Video Game Review: Cloudberry Kingdom
Despite how you’ll feel, Cloudberry Kingdom doesn’t hate you.
Originally seen from Kickstarter by an indie dev named Pwnee Studios and picked up by Ubisoft, Cloudberry Kingdom is a platformer of its own breed. With a unique algorithm in place, no player will ever play the same level twice or even a level that another person has played, and a story mode adjusts you to the chaos that will ensue. The real challenge comes from the peripheral gameplay modes, and the competitive nature buried in every platforming fan. Get Bob to the end, that’s it!
The controls are uniform to the platforming genre and are very tight and responsive, being largely focused on making the millimeter-precise jumps that completely make the game. The character also has very little weight or gravity to him, so as long as you aren’t pushing the stick he will not budge. Jumping can feel a little too rough at first, but the game makes sure that some jumps are only possible if you are jumping blindly with faith. It’s pretty much complaint-free here.
Cloudberry Kingdom is quite colourful and generally very rounded off. The cut scenes in the story mode are done in a way that depicts the world as a papier-mâché land in the sky. While they’re humorous, the cut scenes did have issues with stuttering and sometimes felt like they were out of sync with the audio, but it really is just an inane issue that doesn’t affect anything that matters.

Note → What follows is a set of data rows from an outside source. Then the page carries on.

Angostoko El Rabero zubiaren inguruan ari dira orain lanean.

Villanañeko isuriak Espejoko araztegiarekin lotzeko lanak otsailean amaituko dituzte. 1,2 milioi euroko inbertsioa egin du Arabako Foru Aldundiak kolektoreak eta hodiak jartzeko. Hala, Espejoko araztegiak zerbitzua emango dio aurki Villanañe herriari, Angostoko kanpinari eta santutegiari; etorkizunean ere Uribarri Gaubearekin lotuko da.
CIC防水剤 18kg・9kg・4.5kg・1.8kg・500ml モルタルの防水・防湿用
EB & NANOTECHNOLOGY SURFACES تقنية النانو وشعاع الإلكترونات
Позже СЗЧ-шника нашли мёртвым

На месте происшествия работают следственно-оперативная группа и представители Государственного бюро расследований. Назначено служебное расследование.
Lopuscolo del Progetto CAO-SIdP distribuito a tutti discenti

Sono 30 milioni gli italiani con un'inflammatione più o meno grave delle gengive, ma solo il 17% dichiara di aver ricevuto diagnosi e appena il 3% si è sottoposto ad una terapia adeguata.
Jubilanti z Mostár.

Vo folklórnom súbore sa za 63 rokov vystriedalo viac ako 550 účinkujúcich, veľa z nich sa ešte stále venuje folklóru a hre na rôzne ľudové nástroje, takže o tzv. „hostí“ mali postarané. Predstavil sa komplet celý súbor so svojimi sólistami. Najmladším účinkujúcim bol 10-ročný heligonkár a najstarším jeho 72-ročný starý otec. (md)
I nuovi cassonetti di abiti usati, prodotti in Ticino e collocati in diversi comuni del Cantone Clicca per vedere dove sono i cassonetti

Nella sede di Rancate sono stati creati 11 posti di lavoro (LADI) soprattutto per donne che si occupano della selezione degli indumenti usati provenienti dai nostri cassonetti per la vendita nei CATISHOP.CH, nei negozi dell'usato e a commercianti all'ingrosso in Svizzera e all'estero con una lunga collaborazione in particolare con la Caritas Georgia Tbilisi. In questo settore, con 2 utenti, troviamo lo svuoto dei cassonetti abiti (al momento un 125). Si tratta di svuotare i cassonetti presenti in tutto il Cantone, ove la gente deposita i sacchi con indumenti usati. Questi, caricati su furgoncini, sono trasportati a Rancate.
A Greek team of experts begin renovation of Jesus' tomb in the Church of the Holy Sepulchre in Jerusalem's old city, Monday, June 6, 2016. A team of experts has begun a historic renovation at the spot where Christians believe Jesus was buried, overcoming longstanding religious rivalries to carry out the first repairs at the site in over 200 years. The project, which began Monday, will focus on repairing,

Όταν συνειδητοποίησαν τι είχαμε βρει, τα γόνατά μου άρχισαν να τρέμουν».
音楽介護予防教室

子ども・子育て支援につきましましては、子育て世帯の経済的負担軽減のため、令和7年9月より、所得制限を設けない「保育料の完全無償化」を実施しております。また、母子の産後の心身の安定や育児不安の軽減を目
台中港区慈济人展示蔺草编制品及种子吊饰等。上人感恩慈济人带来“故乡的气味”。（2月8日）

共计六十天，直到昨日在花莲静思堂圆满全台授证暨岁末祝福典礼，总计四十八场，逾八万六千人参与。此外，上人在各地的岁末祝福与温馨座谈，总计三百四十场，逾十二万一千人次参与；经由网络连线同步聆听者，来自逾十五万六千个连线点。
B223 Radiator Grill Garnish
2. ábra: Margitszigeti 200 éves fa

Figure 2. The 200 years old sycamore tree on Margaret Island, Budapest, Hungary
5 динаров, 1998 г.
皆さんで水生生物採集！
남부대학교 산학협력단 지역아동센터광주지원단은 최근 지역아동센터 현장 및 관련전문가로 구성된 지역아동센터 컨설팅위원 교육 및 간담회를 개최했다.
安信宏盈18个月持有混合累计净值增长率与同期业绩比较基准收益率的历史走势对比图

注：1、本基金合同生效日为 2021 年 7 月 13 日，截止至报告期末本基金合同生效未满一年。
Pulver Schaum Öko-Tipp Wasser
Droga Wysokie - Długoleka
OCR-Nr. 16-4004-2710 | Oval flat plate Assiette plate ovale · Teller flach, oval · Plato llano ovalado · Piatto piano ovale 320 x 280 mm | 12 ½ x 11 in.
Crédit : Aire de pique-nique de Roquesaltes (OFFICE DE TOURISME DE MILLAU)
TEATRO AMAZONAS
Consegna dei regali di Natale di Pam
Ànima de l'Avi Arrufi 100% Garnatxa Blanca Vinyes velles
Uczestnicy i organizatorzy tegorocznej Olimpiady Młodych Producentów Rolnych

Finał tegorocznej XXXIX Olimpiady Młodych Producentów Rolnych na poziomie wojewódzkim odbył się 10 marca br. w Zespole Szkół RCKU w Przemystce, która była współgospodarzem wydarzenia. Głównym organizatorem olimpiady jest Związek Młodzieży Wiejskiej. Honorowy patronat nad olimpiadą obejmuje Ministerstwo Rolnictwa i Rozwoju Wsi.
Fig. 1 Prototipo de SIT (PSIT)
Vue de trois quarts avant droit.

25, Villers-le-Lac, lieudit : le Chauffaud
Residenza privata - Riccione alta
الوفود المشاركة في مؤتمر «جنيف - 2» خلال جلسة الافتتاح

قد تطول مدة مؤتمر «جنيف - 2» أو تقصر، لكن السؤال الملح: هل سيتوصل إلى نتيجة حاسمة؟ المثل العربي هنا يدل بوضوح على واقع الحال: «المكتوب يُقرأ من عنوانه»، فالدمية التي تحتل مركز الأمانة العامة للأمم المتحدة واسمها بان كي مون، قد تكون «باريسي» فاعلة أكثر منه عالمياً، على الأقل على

As noted, level design is random and can throw you to underground caverns or lush plains complete with flower patches. The obstacles and enemies you encounter are well drawn and have a very malleable, comical feel. Obstacles will also visually change depending on what type of environment you’re in; for instance, if you’re in a castle, the spiked ball obstacle will look almost rustic. If the environment happens to be covered in snow, the same enemy is now decorated with shards of ice that have formed from assumed inclement weather.
It’s small touches like those that keep the fun constant, and while there’s not a lot of true animation in the enemies there’s so much going on that you’ll have little time to notice. There are also several customizable parts for your Bob in order to tailor him to your liking. You can choose to make him completely invisible, or maybe just a floating head with a handlebar mustache.
The sound effects are pretty sparse, but they effectively serve their purpose without becoming irritating. Most of the attention paid to the audio is in regards to the soundtrack, which is amazing at putting you into an almost trance-like state of platforming bliss. Even though there aren’t many songs, they’re jamming tunes that add to the experience. During the story mode you’ll be treated to some completely intentionally hokey voice acting.
Damn. This game gets hard. That’s the M.O. of Cloudberry Kingdom — be really hard. Thanks to the random level generator that the game was built around, levels will escalate in difficulty and variety the further you progress. It seems like the game will even cut you a break every now and then, as after I died about nine times on a level the following time was considerably easier like the game was saying, “C’mon see? It’s not so baaaaad.”
This game creates a truly unique and memorable experience by providing a constantly escalating challenge to literally anybody that plays it. Not every player will have a bad time with Level 26, but some may be stuck on Level 16, or 41 or whatever. For each gem-scattered level, you need only reach the end. That’s it. Just get to the other side. Chump.
Through each level you’ll want to grab every gem you find. Every gem. If you don’t finish a level with every gem picked up, you’ll not earn your score multiplier. Score multiplier is everything, and it’s devastating once you’ve lost an accumulated multiplier of nine and it resets to one — it’s a feeling only Dark Souls players can really relate to.
If you’re constantly getting thumped by a level the developers offer a little help in the form of “Cheats,” which can be purchased using acquired gems. These powers include slow motion, the illustration of a dotted line to show the suggested path (complete with a circle where your character should be) and finally a computer-controlled playthrough of the level to completion. This is by far the coolest and most entertaining power, as you’ll likely spend hours in free mode adjusting the variables for the level just to watch the computer sail through it without a problem.
Several different types of Bobs are yours to control as well, each tailored to specific types of levels. For variety, Pwnee Studios has a story mode, arcade mode with four sub-modes, including the current crowd favourite “Escalation,” and a free mode where you can set up your own level variables and even edit the power-ups that your Bob currently has. It also has online leaderboards so you can see who is standing between you and the twitch-ridden top.
Cloudberry Kingdom provides a ton of content for only US$10. Once you’ve caught the general grasp of gameplay mechanics, it’s easy to blow two or three hours just grinding through levels, dying, raging, restarting, shouting, and yet still always having a great time.